Mexico's state-owned oil company Petróleos Mexicanos, or Pemex, is unloading most of its stake in Spanish oil company Repsol SA, selling shares worth around $3 billion and winding down a decadeslong partnership that had turned sour in recent years.

In a filing with the Madrid stock exchange, Citigroup said it was selling 104.1 million shares, or 7.9% of Repsol, in a private placement on behalf of Pemex. Deutsche Bank was the other book runner for the sale, which Citigroup said was expected to take less than a day to complete.

The shares represent most of Pemex's 9.3% stake in Repsol.

Mexican government officials have said selling the stake would be in Pemex's interest given that it can use the money at home on exploration and production. Under an energy overhaul passed last year by Congress, the company will face competition from private and foreign companies that will be allowed back into the oil and gas sector for the first time in 76 years.
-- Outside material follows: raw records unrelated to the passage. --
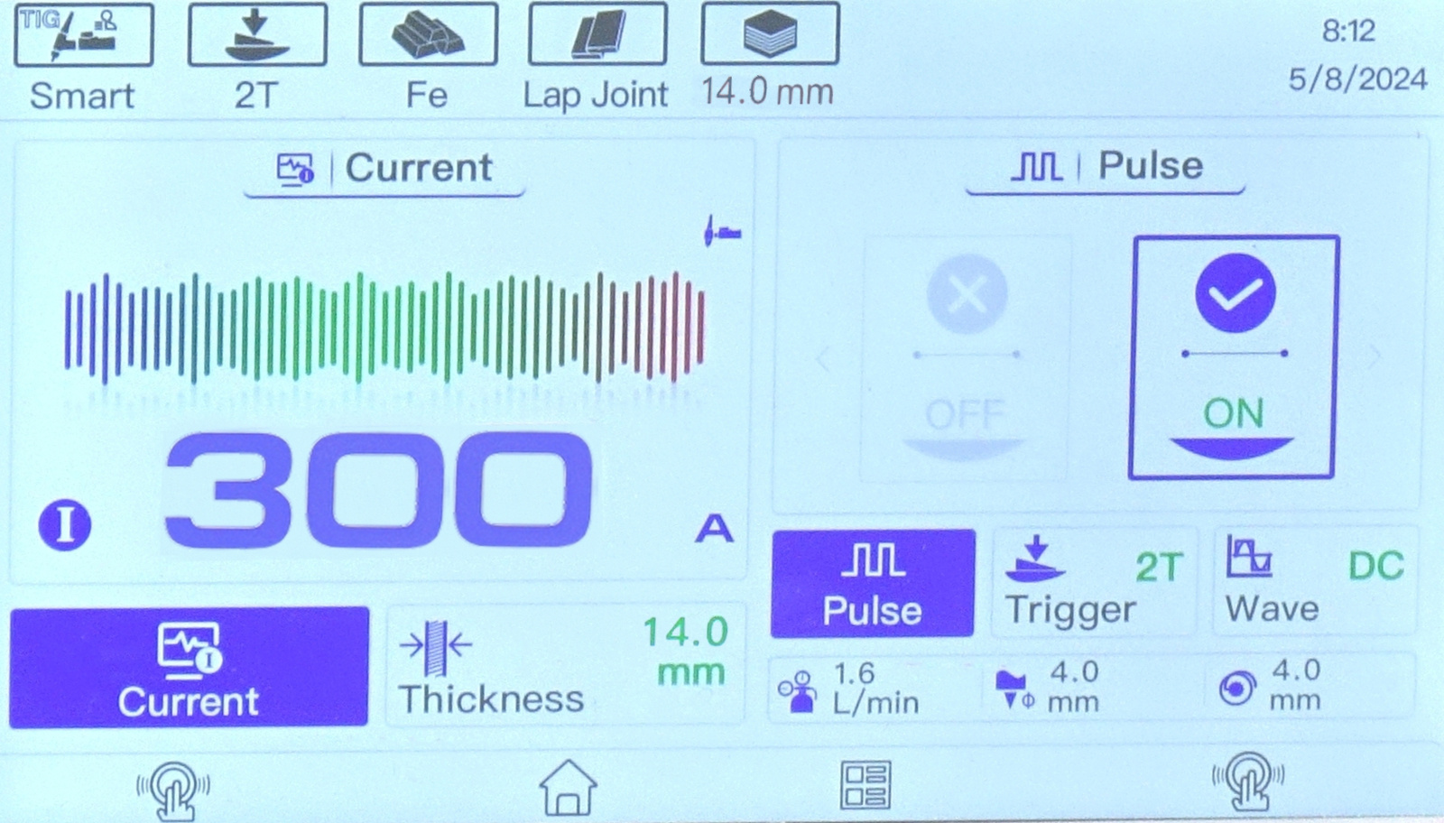 Czytelny i prosty w obsłudze dotykowy ekran LCD, umożliwia dokładną regulację urządzenia, zapewnia stabilne parametry i wysoką jakość spawania. Źródło posiada również rozszerzone ustawienia użytkowe, takie jak poziom jasności ekranu, ustawienie daty oraz pracę wentylatora w trybie półpasywnym (SMART).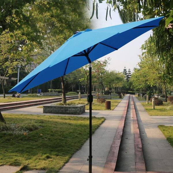 9 ft. Aluminum Market Umbrella Tilt in Blue with 8 Sturdy Ribs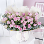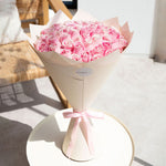 A marvellous hand-tied arrangement of 50 long-stemmed Pink Roses for a loved one! Roses are the ultimate symbol of love.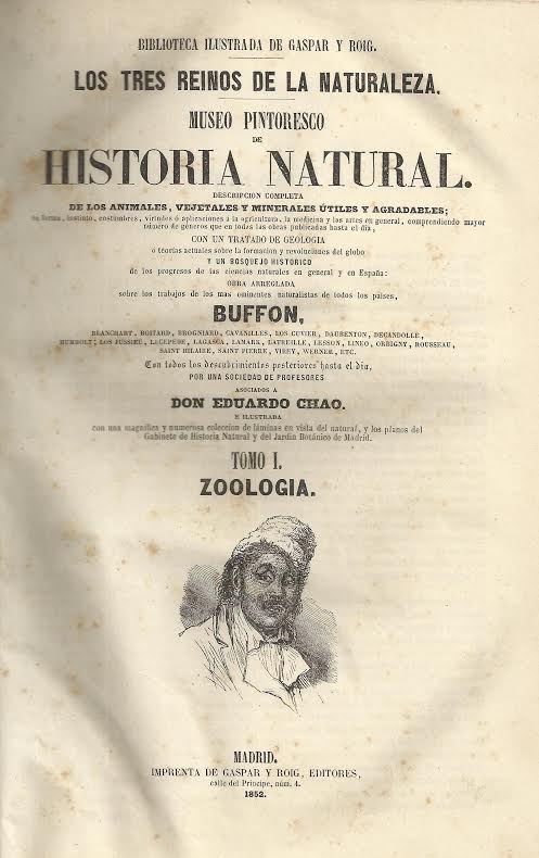 Los tres reinos de la naturaleza : museo pintoresco de historia natural : descripción completa de los animales, vegetales y minerales útiles y agradables, su forma, instinto... / obra arreglada sobre los trabajos de los mas eminentes naturalistas de todos los paises... con todos los descubrimientos posteriores hasta el dia, por una sociedad de profesores asociados a Eduardo Chao ; e ilustrada con una magnífica y numerosa colección de láminas.-- Madrid : Imprenta de Gaspar y Roig, editores, 1852-1858.

Despite greatly increased annual investment budgets, including $27.7 billion planned for this year, Pemex has been unable to raise its crude oil output from around 2.5 million barrels a day in recent years as its easily extracted oil runs out and it tackles more complex and expensive-to-produce reserves.

The Mexican state company has had a rocky relationship with Repsol Chairman Antonio Brufau in recent years, and through its position on the Repsol board had unsuccessfully attempted to dislodge him from his post.

Pemex had no immediate comment on the sale. A spokesman for Repsol in Madrid declined to comment.

The stake sale throws into question the future of any cooperation at a time when Pemex is expected to begin joining with private firms to develop reserves in Mexico.

"There's not really anything strategic that has come out of the relationship. There's been talk of collaboration, but nothing beyond technical exchange agreements they have with other companies," said John Padilla, managing director of energy consultancy IPD Latin America. Pemex could either keep the proceeds abroad and invest in projects that give it badly needed experience--such as partnering in the U.S. in shale gas or deep water oil projects-- or use the money for its operations inside Mexico, Mr. Padilla said.

For decades, Pemex kept a low profile in its partnership with Repsol, rotating the representatives that it would send to Repsol board meetings. But the alliance deteriorated under the previous Pemex management, which doubled its stake in Repsol and sought to oust Mr. Brufau via a shareholder pact with struggling construction company Sacyr-Vallehermoso SA. The 2011 pact fell apart after Sacyr had to sell half of its 20% Repsol stake to pay debt.

Pemex and Repsol patched up the dispute, signing an accord to cooperate on upstream and downstream business opportunities. The partnership fared no better after Mexico's change of government in 2012 and the appointment of current chief executive Emilio Lozoya to head Pemex, who has been critical of returns on the investment in Repsol.

The divorce is also unlikely to faze the Spanish company, which is flush with cash after selling the bonds it received from Argentina as compensation for the country's 2012 expropriation of its local unit, YPF SA in a deal Pemex helped to broker, and unloading the remaining stake it held in YPF.

Although Repsol executives have repeatedly said they're willing to collaborate with Pemex to help boost Mexico's oil production by investing there, the Madrid-based company is focused on growing by buying oil companies or assets in wealthy countries like Canada or Norway.

Anthony Harrup contributed to this article.